We could call it "Too Many Chefs", but we would probably be in breach of copyright of a new cookery gameshow format. A description more worthy of the new academic discipline that is postmodern, gastro-sociology would be the Culinary Expectation Gulf Paradox. CEGP for short.
The theory behind this is that the pleasure derived from dining out decreases in direct proportion to the rising standards of restaurant food generally. Or, put more bluntly, as restaurant food gets better, punters are having a worse time in restaurants.
It seems to be a paradox, but I honestly believe it to be true. And I have several further tiers to my theory to explain why it is true. Firstly, a brief and grossly simplified recent history of British restaurant food (upper echelon). At the beginning of the Eighties there were five chefs: two Roux brothers, a Mosimann, a Blanc and a Ladenis. Between them they taught dozens of young chefs how to cook serious modern French food, of whom a clutch became the next generation of stars (the names White, Novelli and Ramsay spring to mind). This second generation has itself now spawned a third, even fourth generation of proteges. Result: there are now probably close to 200 chefs running British restaurant kitchens who can trace their tutelage, directly or indirectly, back to the Big Five.
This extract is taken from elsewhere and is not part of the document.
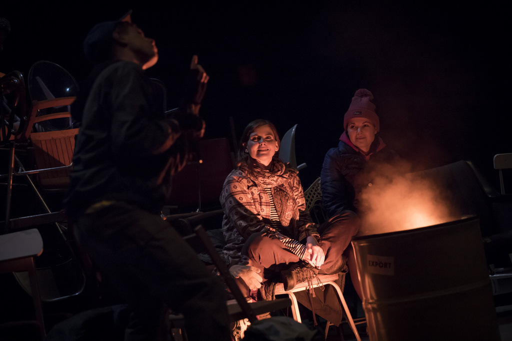 At its best, the play digs right to the core of the human impulse towards creative expression. Nessa Matthews’ charming but fragile Maria pleads with her fellow players, ‘Are we just entertaining them? We have an opportunity here to provide meaning.’ The struggle for validity and self-worth each artist faces every day. Instead of suggesting any answers, the play details the process in action. The group huddled round the campfire tell their story together, as the earliest humans once painted pictures of animals on cave walls. Through the three acts the re-enacted story develops from this hazily remembered campfire tale, to a polished pop-rap-operetta, and thence to the level of tragic Greek myth. Washburn reminds us that in order to both create a society and to understand that creation we must constantly tell and re-tell our stories through whatever means are at our disposal.

On the plus side, this means that the standards are higher than ever: incompetence and poor quality are simply not tolerated. On the minus side, this family tree has spawned what may be described (again paradoxically) as a mediocrity of excellence.
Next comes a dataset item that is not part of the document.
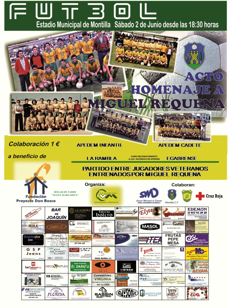 durante su carrera como entrenador, y en la que participarán diferentes personalidades que han compartido diferentes momentos con el entrenador montillano. Y tendrá su gran final el sábado 2 de junio, desde las 18:30 h, en el Estadio Municipal de Montilla, donde se celebrarán partidos de fútbol de las categorÃas infantil y cadete para finalizar con un encuentro de veteranos que disputarán futbolistas de toda la provincia que han estado a las órdenes de Miguel Requena.

By this I mean a large number of restaurants producing food of an undeniably high standard which nevertheless, when experienced on a regular basis, tends towards uninspiring homegeneity. And these are restaurants (there must be 50 in London now) which consider pounds 100 for two a low to average spend.
The net result is an increasing clientele of sensation-seeking foodies with sadly jaded palates. Let them loose on the current food scene and, hey presto: the Culinary Expectation Gulf. Each meal out, in some highly hyped new venue, begins with expectations which are rarely matched.
This is, I think, a phenomenon which top chefs are beginning to sense, and fear. The effect on their cooking is predictable. In their excessive zeal for novelty and excitement, chefs have been producing plates overloaded with the dubious fruits of their hyperactive imaginations.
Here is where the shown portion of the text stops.